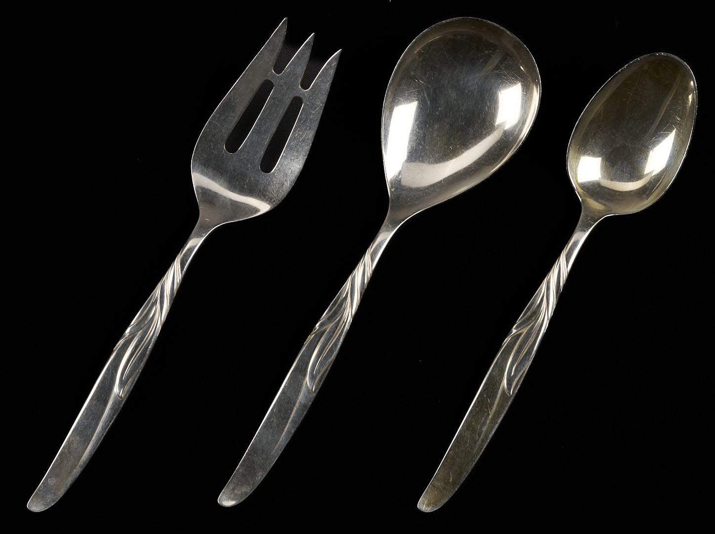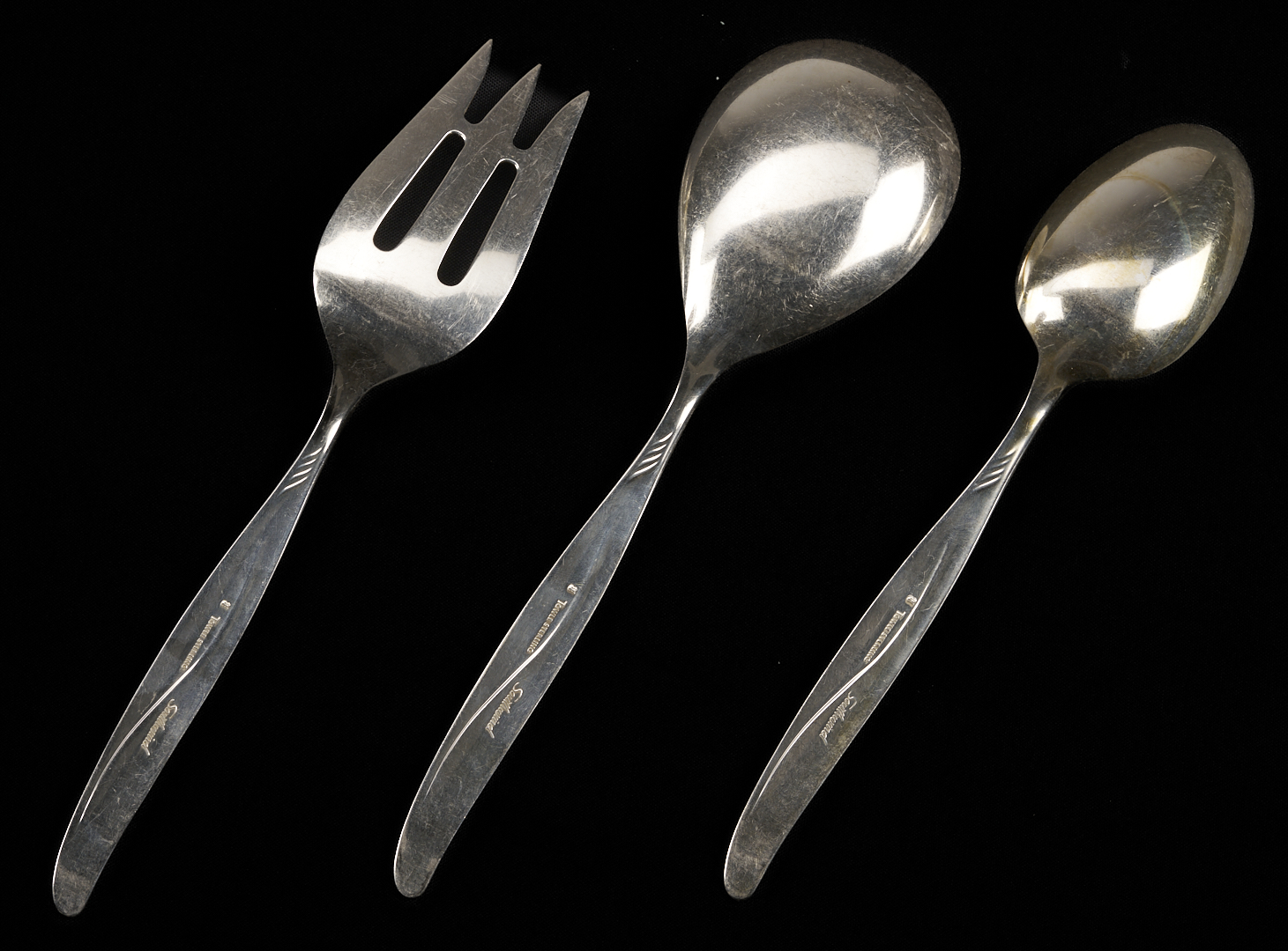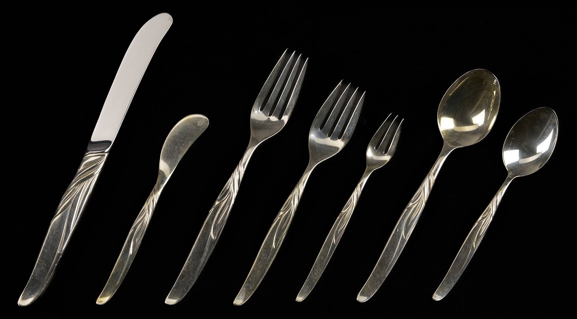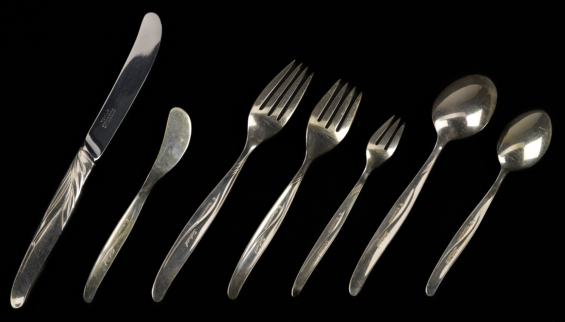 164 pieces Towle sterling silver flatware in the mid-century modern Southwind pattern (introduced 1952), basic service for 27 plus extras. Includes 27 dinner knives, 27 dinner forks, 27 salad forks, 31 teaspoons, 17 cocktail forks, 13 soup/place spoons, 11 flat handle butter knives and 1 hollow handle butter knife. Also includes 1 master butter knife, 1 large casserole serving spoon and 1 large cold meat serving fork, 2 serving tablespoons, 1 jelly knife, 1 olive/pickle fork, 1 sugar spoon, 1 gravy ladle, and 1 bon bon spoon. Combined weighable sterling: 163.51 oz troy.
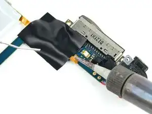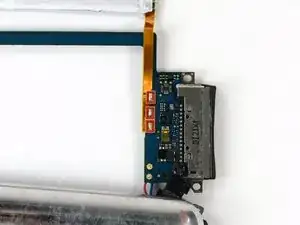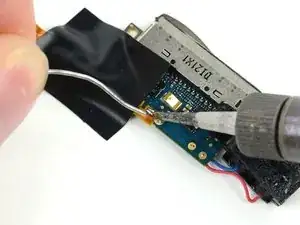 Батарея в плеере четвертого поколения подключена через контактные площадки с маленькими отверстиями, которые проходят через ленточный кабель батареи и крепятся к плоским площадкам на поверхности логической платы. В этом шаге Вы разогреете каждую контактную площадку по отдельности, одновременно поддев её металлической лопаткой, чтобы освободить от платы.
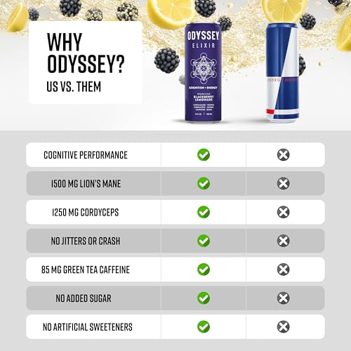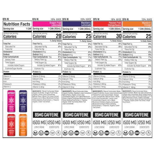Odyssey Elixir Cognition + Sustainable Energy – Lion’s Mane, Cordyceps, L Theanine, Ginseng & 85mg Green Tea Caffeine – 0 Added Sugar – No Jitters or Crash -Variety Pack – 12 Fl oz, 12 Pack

■ ■ ■

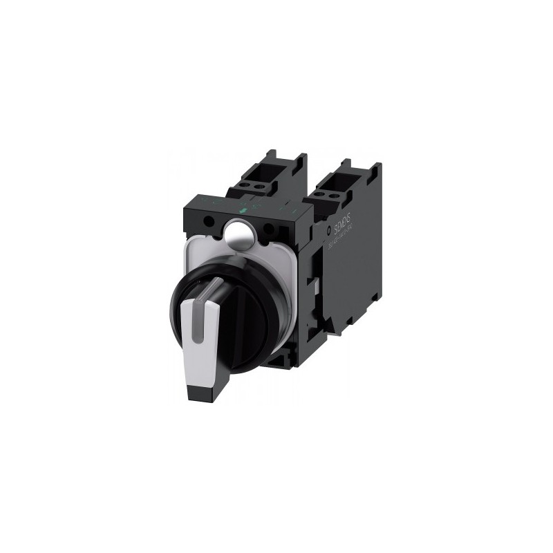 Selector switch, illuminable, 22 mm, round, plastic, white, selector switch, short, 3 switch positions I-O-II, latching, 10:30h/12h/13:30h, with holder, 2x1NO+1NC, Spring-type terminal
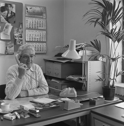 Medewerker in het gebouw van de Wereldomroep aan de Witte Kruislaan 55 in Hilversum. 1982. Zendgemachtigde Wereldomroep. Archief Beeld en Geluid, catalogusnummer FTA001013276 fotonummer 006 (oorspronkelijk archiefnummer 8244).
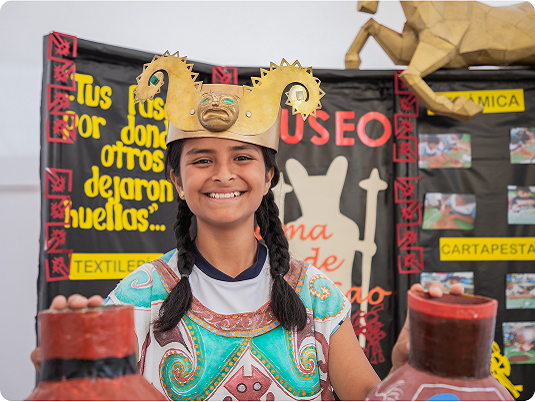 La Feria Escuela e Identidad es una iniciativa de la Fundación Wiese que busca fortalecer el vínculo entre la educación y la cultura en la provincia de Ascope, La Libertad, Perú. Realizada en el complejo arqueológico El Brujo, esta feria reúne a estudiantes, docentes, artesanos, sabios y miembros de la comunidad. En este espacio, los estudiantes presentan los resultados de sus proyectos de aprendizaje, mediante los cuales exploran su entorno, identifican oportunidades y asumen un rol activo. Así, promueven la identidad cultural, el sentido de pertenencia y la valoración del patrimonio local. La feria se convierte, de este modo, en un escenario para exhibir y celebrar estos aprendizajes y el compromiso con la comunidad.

■ ■ ■

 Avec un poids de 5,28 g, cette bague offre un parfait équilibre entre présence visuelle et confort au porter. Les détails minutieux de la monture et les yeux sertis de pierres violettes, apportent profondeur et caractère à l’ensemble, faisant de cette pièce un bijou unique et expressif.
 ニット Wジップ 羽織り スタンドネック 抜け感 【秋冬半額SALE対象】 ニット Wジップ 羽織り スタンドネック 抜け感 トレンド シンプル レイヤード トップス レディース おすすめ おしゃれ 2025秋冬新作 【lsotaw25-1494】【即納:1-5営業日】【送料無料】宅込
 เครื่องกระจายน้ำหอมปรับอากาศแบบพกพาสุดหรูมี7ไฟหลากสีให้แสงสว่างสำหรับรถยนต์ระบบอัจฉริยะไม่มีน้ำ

■ ■ ■

■ Work to complete ■
Give back, word for word, only the lines above from the line holding "Avec un poids" to the line holding "เครื่องกระจายน", both included.

■ Result of the exercise ■
 Avec un poids de 5,28 g, cette bague offre un parfait équilibre entre présence visuelle et confort au porter. Les détails minutieux de la monture et les yeux sertis de pierres violettes, apportent profondeur et caractère à l’ensemble, faisant de cette pièce un bijou unique et expressif.
 ニット Wジップ 羽織り スタンドネック 抜け感 【秋冬半額SALE対象】 ニット Wジップ 羽織り スタンドネック 抜け感 トレンド シンプル レイヤード トップス レディース おすすめ おしゃれ 2025秋冬新作 【lsotaw25-1494】【即納:1-5営業日】【送料無料】宅込
 เครื่องกระจายน้ำหอมปรับอากาศแบบพกพาสุดหรูมี7ไฟหลากสีให้แสงสว่างสำหรับรถยนต์ระบบอัจฉริยะไม่มีน้ำ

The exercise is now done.